Errores comunes en la toma de decisiones y cómo evitarlos en tu PYME

Adami Corro

La toma de decisiones en una PYME es una acción que ayuda a dar seguimiento a tareas que son parte de la estructura del día a día. Tomar decisiones, ya sea para resolver un conflicto, para mejorar la productividad o algún otro tema del negocio, debiera ser fácil, pero no siempre lo es; puede ser una tarea titánica, ya que la percepción del problema en cada persona es diferente, y por supuesto las emociones juegan un papel muy importante.

Reflexionemos cómo en la toma de decisiones existen diversos factores emocionales. Una vez que comprendemos todo lo que hay atrás de ese momento de tomar una decisión, nos puede ayudar a tomar mejores decisiones en el negocio y en lo personal.

Empecemos hablando de la percepción. Todos los seres humanos vemos la realidad de acuerdo con nuestra historia, lo que hemos vivido en el pasado. Todos tenemos creencias, y por supuesto esto influye en nuestras emociones y en el contexto en el que nos encontramos. Un ejemplo: cuando vemos a uno de nuestros colaboradores distraído, podemos pensar que no tiene la capacidad para realizar la tarea; sin embargo, el colaborador puede estar pasando por un divorcio, por una enfermedad, por alguna preocupación que le impide realizar esa actividad. Este tipo de percepciones afecta nuestras decisiones y podemos llegar a causar despidos, enojos, etc.

La teoría de la atribución. Según esta teoría propuesta inicialmente por Fritz Heider en la década de 1950 y ampliada por los psicólogos Harold Kelley y Bernard Weiner, se puede llegar a creer que la forma en cómo se comporta un colaborador se debe a causas internas en lugar de externas.
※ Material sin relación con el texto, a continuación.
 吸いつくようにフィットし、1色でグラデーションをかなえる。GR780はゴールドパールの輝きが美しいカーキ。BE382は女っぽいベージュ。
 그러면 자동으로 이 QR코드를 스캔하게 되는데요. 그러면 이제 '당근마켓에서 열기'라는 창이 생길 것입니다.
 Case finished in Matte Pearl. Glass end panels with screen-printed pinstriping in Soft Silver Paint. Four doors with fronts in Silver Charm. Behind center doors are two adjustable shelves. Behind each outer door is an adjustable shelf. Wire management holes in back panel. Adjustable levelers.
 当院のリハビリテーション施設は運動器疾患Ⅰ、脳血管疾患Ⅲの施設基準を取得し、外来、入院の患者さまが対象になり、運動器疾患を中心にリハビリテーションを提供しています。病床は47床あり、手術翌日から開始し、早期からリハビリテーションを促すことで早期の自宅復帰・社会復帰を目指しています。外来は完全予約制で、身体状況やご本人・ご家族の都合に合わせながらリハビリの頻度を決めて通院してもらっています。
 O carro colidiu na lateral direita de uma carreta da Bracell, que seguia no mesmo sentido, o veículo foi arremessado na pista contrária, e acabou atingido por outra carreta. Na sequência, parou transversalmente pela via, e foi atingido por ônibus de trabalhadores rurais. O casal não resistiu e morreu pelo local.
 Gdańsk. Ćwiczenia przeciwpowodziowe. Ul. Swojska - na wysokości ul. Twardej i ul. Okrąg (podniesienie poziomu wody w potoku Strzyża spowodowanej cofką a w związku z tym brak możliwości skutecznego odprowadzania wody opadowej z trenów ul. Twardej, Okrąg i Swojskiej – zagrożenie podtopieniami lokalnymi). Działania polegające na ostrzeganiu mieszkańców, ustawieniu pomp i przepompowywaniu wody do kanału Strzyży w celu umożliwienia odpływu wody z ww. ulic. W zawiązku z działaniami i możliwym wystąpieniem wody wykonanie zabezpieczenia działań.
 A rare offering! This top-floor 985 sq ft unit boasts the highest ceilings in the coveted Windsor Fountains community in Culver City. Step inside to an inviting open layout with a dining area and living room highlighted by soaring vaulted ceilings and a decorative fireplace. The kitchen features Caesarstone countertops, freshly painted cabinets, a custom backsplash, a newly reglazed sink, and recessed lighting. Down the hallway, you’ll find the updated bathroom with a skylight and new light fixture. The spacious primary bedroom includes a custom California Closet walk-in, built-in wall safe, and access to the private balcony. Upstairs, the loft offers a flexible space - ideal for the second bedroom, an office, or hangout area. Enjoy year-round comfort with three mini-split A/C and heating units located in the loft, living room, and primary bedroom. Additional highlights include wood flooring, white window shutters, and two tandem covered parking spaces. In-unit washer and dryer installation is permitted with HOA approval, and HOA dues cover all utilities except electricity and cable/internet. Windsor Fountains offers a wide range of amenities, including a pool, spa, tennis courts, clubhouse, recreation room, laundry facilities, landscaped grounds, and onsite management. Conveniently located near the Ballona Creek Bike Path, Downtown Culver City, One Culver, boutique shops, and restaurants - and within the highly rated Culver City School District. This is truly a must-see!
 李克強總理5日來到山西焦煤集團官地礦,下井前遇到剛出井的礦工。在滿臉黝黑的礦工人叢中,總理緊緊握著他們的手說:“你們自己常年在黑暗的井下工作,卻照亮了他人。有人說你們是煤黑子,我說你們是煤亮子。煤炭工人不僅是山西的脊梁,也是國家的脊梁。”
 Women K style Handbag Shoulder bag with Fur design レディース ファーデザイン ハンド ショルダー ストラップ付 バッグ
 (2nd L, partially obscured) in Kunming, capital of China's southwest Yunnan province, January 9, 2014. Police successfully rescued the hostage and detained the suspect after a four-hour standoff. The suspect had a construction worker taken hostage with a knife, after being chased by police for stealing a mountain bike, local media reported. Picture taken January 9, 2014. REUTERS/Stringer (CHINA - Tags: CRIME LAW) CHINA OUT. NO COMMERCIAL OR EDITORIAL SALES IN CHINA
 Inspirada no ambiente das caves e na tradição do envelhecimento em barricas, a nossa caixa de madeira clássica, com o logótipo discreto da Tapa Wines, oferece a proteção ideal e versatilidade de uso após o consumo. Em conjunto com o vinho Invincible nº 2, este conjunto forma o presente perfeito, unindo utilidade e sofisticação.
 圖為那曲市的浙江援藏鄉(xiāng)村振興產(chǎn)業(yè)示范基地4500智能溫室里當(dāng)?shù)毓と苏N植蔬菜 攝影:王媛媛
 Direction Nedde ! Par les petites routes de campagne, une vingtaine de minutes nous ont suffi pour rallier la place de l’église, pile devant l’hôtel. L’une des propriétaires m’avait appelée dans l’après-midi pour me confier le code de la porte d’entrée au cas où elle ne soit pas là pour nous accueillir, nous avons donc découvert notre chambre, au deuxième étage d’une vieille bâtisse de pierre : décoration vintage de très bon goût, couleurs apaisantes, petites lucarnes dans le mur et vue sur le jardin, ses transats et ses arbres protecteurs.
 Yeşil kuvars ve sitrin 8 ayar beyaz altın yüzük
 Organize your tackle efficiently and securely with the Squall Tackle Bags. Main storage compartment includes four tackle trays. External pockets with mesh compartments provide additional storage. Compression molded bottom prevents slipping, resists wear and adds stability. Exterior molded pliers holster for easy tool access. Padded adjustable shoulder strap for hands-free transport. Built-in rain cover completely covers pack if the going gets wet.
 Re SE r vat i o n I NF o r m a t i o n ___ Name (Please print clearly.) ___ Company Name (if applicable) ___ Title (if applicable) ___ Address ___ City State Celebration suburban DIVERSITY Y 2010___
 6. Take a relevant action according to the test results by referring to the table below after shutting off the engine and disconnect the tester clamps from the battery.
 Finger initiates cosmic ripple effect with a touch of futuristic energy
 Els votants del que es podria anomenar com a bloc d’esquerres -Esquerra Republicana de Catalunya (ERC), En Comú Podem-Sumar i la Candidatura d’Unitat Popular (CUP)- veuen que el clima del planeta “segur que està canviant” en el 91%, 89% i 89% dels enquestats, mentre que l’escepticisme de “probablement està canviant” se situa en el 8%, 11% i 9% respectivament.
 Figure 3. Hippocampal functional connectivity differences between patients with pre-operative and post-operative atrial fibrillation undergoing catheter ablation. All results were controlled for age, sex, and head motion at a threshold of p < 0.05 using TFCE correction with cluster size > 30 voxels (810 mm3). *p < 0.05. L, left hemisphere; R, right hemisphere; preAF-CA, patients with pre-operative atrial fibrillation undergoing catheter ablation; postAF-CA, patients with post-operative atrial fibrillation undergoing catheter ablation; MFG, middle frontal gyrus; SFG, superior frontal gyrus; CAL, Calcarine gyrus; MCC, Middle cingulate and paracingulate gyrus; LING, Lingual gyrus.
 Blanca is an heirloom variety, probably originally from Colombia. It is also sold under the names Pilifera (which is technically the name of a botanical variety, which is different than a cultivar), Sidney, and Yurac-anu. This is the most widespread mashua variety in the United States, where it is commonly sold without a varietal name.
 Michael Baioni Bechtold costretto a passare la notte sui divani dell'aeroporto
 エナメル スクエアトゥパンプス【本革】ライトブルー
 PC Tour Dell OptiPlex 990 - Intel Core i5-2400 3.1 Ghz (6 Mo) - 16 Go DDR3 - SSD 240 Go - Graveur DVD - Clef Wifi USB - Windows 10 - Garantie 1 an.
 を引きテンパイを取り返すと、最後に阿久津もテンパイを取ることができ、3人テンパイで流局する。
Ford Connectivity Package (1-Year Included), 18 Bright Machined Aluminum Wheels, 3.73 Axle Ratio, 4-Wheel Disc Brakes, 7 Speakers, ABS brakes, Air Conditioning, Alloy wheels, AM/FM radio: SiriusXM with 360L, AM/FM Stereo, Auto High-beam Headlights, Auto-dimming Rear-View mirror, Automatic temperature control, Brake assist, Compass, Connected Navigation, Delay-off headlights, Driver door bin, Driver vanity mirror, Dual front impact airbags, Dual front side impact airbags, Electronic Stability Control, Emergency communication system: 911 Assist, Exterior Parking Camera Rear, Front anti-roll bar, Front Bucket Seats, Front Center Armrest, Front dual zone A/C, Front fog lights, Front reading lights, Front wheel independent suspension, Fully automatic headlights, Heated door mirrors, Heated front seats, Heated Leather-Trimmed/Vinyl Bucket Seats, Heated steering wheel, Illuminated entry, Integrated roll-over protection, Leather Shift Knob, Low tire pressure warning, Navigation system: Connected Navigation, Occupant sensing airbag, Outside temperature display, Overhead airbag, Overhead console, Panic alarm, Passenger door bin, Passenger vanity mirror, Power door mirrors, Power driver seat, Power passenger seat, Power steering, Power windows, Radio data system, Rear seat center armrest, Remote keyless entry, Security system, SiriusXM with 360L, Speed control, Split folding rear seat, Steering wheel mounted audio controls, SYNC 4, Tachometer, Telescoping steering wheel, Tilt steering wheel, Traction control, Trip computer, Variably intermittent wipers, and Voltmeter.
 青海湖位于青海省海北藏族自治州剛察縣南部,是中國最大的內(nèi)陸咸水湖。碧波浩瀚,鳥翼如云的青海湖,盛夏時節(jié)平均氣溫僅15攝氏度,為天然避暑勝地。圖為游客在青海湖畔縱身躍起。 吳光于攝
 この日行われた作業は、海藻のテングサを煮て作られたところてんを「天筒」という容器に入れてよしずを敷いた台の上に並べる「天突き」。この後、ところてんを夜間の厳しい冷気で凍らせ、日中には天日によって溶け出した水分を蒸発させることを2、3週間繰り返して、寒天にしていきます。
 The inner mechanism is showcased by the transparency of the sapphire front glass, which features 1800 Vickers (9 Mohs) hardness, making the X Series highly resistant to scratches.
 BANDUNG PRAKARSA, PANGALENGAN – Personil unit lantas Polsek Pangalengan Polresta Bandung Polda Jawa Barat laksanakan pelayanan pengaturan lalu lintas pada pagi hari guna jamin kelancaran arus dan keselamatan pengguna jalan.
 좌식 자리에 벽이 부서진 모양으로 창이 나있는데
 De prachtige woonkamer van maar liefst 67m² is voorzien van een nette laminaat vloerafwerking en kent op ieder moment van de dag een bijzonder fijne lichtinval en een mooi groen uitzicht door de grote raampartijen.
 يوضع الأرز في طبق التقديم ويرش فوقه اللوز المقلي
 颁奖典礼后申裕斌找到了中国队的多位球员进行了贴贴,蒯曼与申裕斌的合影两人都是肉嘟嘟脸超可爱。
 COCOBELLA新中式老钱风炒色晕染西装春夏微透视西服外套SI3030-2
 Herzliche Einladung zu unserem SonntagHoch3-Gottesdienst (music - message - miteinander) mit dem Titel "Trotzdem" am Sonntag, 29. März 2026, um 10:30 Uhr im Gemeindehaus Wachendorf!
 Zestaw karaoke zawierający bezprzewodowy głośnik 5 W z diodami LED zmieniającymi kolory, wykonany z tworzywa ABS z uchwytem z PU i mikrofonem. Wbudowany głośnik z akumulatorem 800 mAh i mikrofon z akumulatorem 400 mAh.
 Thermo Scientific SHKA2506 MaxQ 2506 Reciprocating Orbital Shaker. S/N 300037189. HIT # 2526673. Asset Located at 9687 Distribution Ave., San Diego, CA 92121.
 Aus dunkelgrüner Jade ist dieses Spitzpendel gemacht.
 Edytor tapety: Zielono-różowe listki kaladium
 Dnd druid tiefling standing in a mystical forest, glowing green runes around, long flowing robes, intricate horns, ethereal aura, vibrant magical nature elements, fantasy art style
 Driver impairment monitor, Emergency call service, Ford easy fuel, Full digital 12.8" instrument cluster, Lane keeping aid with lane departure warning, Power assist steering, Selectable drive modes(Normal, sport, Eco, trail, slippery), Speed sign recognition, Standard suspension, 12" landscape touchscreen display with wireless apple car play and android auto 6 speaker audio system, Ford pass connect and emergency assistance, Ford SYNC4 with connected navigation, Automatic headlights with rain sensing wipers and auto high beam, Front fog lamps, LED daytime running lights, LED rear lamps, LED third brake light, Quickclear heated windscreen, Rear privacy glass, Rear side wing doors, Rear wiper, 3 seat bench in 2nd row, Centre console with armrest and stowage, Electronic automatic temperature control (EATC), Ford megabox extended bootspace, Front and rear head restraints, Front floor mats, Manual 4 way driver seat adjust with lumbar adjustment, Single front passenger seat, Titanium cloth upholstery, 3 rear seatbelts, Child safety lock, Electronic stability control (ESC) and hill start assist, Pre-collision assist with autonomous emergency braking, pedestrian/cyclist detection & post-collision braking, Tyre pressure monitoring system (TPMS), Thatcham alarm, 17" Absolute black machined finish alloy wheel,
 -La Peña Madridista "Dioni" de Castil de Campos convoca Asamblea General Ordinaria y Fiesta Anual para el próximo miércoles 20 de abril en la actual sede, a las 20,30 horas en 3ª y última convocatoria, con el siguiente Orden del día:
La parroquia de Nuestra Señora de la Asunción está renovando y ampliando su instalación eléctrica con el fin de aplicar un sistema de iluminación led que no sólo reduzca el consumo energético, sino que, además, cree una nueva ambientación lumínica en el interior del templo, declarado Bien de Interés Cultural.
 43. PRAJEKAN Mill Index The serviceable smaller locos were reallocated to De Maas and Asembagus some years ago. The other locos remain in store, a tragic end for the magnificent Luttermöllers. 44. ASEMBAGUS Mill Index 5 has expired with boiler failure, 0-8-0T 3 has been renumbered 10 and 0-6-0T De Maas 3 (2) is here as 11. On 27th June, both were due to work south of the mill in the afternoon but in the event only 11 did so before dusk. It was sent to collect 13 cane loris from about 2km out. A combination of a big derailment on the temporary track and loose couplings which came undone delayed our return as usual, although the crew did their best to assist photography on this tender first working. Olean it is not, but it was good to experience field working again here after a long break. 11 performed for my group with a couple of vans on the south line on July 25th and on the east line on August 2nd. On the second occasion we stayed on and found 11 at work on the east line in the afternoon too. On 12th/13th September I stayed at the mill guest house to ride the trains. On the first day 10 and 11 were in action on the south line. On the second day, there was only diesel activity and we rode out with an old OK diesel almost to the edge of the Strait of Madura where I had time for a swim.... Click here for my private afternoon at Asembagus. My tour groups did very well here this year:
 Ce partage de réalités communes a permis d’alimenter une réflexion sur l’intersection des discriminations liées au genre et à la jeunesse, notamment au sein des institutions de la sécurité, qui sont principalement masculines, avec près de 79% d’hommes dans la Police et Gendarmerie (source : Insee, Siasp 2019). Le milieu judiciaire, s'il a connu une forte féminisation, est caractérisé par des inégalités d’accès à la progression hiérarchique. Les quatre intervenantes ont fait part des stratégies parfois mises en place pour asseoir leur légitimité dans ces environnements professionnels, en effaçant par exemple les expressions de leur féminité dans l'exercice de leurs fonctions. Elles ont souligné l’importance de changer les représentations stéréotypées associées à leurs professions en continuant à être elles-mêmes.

Esto puede llegar a causarle grandes problemas, tomando en cuenta su bajo rendimiento sin conocer a fondo las razones que lo llevan al comportamiento.

También si un empleado actúa siempre de la misma manera, se le puede juzgar duramente, y hay que analizar cuál es el origen de este comportamiento, ya que no significa que esta persona no tenga intenciones de realizar un buen trabajo.

Muchas veces se usan los atajos mentales y esto es para que nuestras decisiones sean más rápidas, aunque no signifique que sean las correctas, y hay tres características para analizar.

La primera es donde solo vemos lo que nos es de interés o lo que reafirma nuestra idea de que así son las cosas.

El segundo es el efecto halo. Por ejemplo, si nosotros percibimos que esa persona es amable y responsable, podemos asumir que es alguien que trabaja y se compromete.

El tercero, el estereotipo, en donde podemos llegar a juzgar a la persona por su edad, por su forma de vestir, su preferencia sexual, por un tatuaje, etc.  Y estos errores de pensamiento nos pueden llegar a afectar en la toma de decisiones para una contratación o promoción, evaluación de desempeño, etc.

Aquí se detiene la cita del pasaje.